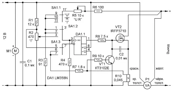 Резистор R10 - токоизмерительный. При максимальном токе 10 А падение напряжения на нём равно 0,45 В. В соответствии с типовыми характеристиками транзистора IВЕР3710 для обеспечения тока стока 10 А при напряжении на затворе относительно истока около 6 В и максимальной рабочей температуре необходимо иметь напряжение сток-исток не менее 0,5 В, поэтому минимальное напряжение между выходными контактами устройства, при котором поддерживается стабилизированный выходной ток 10 А, равно около 1 В. При меньшем токе напряжение пропорционально меньше.
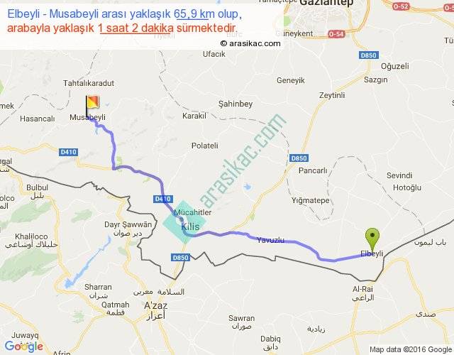 Elbeyli - Musabeyli arası yaklaşık olarak 90 km/h ile yukarıda belirtilen sürede olup, iki yerin kuş uçuşu uzaklığı (mesafesi) 54'dir. Yolculuk otobüsle 1 saat 20 dakika sürmektedir.
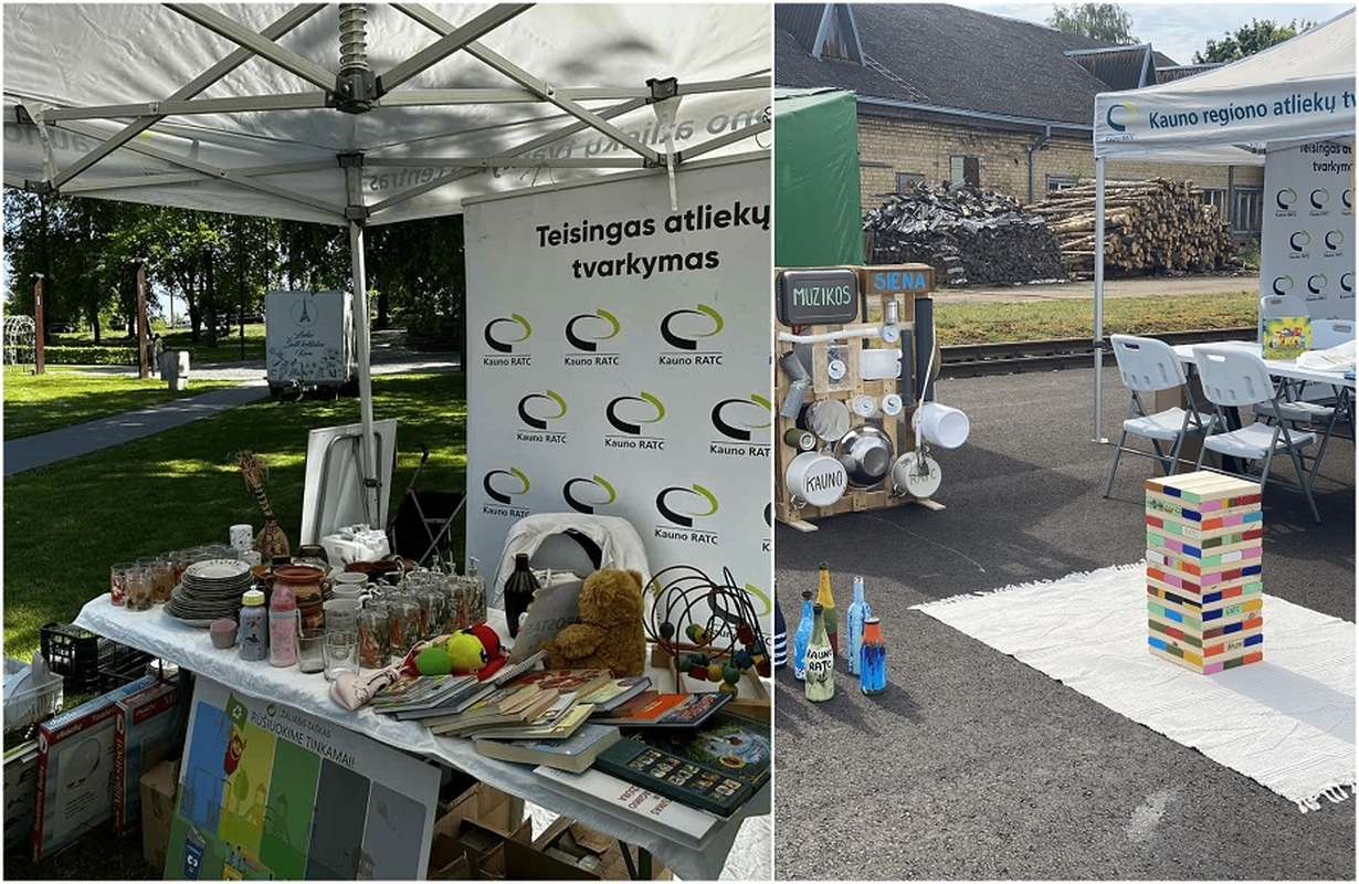 Daiktų dalijimosi stotelės veikia ne tik Kauno RATC DGASA – trečius metus iš eilės „Atiduotuvės“ atvyksta ir į Kauno regione vasarą rengiamas bendruomenių šventes kaip „Atiduotuvių kiemas“. Įkurtame „Atiduotuvių kieme“ bendruomenės nariai nemokamai keičiasi jiems patikusiais daiktais, o mažieji švenčių dalyviai kviečiami žaisti edukacinį, apie atliekų rūšiavimą supažindinantį stalo žaidimą „Ekomonstriukai“. Šią vasarą „Atiduotuvių kiemą“ papildė Kauno RATC darbuotojų pagaminti lauko žaidimai iš panaudotų daiktų: muzikinė siena, kaladėlių bokštas, žiedų gaudyklės.
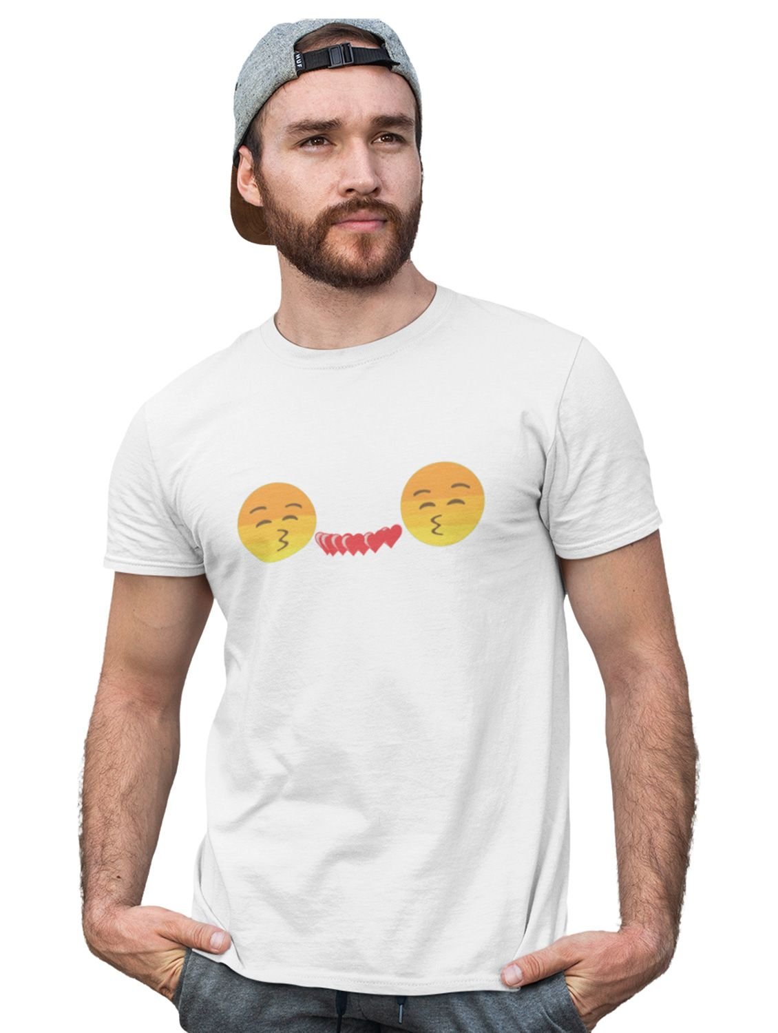 Couples Showing Flying Kiss Emoji T-shirt (White) - Clothes for Emoji Lovers -Foremost Gifting Material for Your Friends and Close Ones
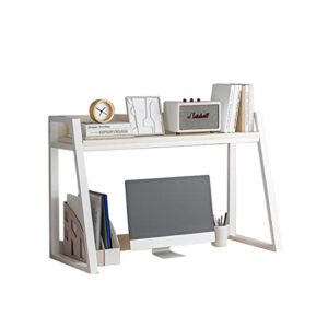 SEBUOER デスク上収納ラック デスク上置棚 机上本棚 卓上置棚台 収納棚 書類 雑誌 ストレージ本棚 ファイル整理棚 台形設計 卓上収納 物置ラック 小物雑品収納ラック デスクトップ 仕切り おしゃれ 文房具 学校 オフィス 事務用品 卓上整理棚 組立式 組み立て簡単 (1層55*32*65cm, フレーム:ホワイト/棚板:ナチュラル)

-------

* **Instructions for the task**
Every entry must be retyped exactly, with the pictures removed.

* **Answer below**
 Резистор R10 - токоизмерительный. При максимальном токе 10 А падение напряжения на нём равно 0,45 В. В соответствии с типовыми характеристиками транзистора IВЕР3710 для обеспечения тока стока 10 А при напряжении на затворе относительно истока около 6 В и максимальной рабочей температуре необходимо иметь напряжение сток-исток не менее 0,5 В, поэтому минимальное напряжение между выходными контактами устройства, при котором поддерживается стабилизированный выходной ток 10 А, равно около 1 В. При меньшем токе напряжение пропорционально меньше.
 Elbeyli - Musabeyli arası yaklaşık olarak 90 km/h ile yukarıda belirtilen sürede olup, iki yerin kuş uçuşu uzaklığı (mesafesi) 54'dir. Yolculuk otobüsle 1 saat 20 dakika sürmektedir.
 Daiktų dalijimosi stotelės veikia ne tik Kauno RATC DGASA – trečius metus iš eilės „Atiduotuvės“ atvyksta ir į Kauno regione vasarą rengiamas bendruomenių šventes kaip „Atiduotuvių kiemas“. Įkurtame „Atiduotuvių kieme“ bendruomenės nariai nemokamai keičiasi jiems patikusiais daiktais, o mažieji švenčių dalyviai kviečiami žaisti edukacinį, apie atliekų rūšiavimą supažindinantį stalo žaidimą „Ekomonstriukai“. Šią vasarą „Atiduotuvių kiemą“ papildė Kauno RATC darbuotojų pagaminti lauko žaidimai iš panaudotų daiktų: muzikinė siena, kaladėlių bokštas, žiedų gaudyklės.
 Couples Showing Flying Kiss Emoji T-shirt (White) - Clothes for Emoji Lovers -Foremost Gifting Material for Your Friends and Close Ones
 SEBUOER デスク上収納ラック デスク上置棚 机上本棚 卓上置棚台 収納棚 書類 雑誌 ストレージ本棚 ファイル整理棚 台形設計 卓上収納 物置ラック 小物雑品収納ラック デスクトップ 仕切り おしゃれ 文房具 学校 オフィス 事務用品 卓上整理棚 組立式 組み立て簡単 (1層55*32*65cm, フレーム:ホワイト/棚板:ナチュラル)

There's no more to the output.